● **Records supplied**
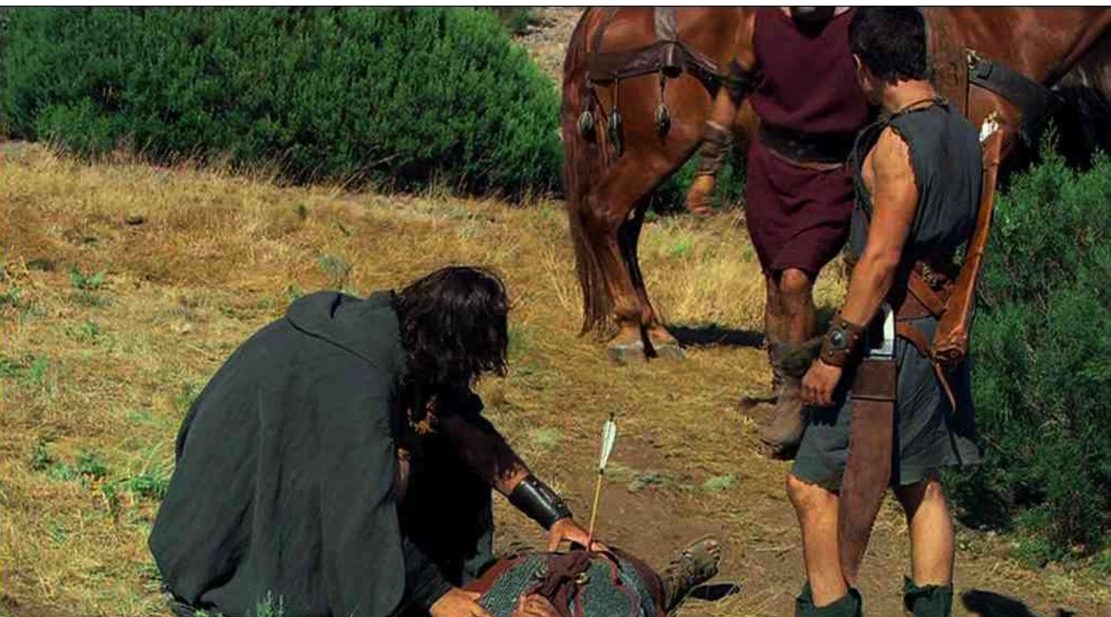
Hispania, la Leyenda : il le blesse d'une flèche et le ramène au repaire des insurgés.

---

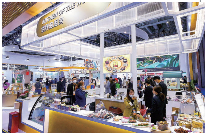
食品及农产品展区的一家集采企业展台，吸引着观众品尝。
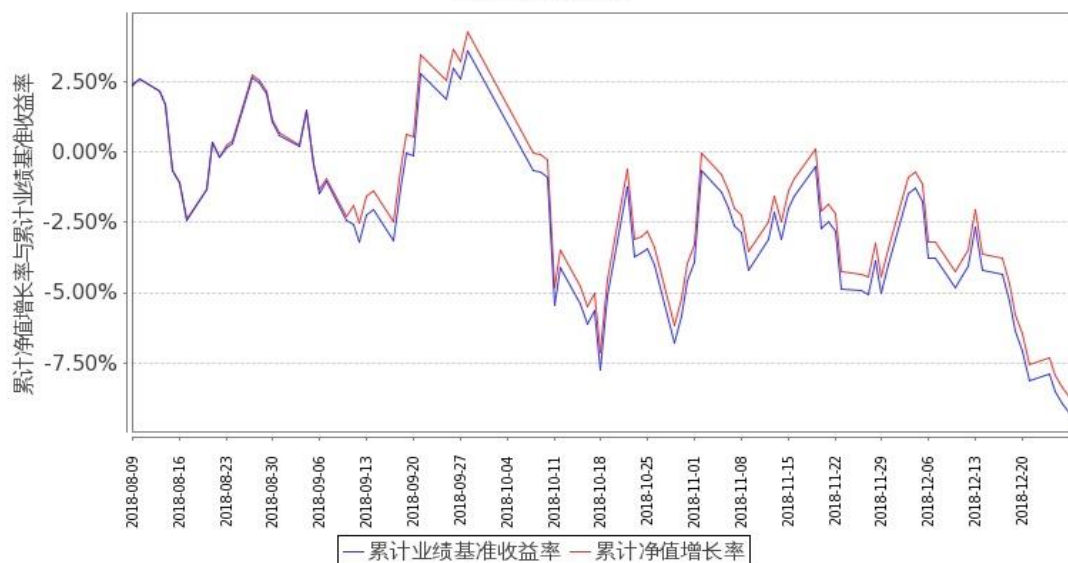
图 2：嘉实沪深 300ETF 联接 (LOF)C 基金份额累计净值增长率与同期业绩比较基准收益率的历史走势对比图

...

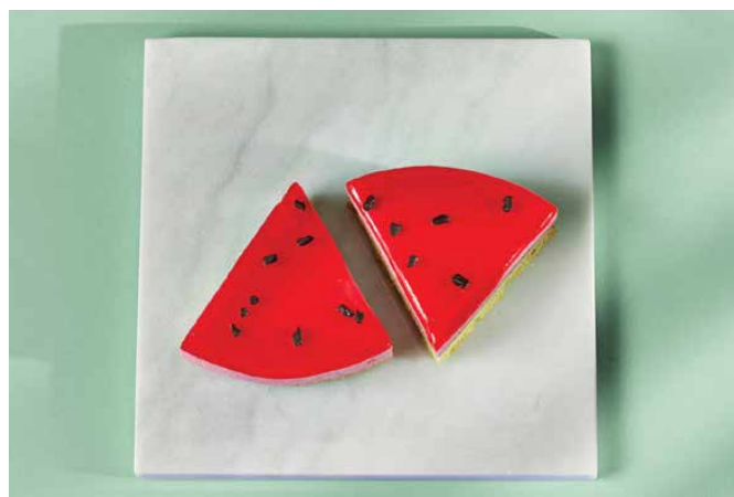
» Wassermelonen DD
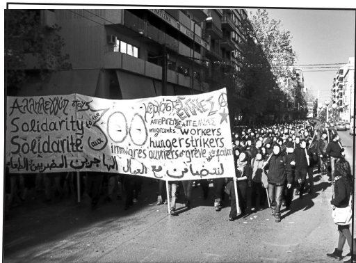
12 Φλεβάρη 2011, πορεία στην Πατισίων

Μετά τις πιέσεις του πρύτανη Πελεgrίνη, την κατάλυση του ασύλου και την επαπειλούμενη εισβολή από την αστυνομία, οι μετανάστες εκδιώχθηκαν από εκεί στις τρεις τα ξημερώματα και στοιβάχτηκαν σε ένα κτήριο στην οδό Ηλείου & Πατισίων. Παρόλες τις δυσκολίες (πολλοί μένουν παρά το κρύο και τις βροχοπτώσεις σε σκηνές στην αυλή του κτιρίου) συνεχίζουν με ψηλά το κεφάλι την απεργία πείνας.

● **Task statement**
From the records above, copy exactly the lines starting at the one with "食品及农产品展区的一家集采企业展台，吸引着观众品尝。" and ending at the one with "图 2：嘉实沪深 300ETF", and no others. Pictures stay out.

● **Result of this exercise**
食品及农产品展区的一家集采企业展台，吸引着观众品尝。
图 2：嘉实沪深 300ETF 联接 (LOF)C 基金份额累计净值增长率与同期业绩比较基准收益率的历史走势对比图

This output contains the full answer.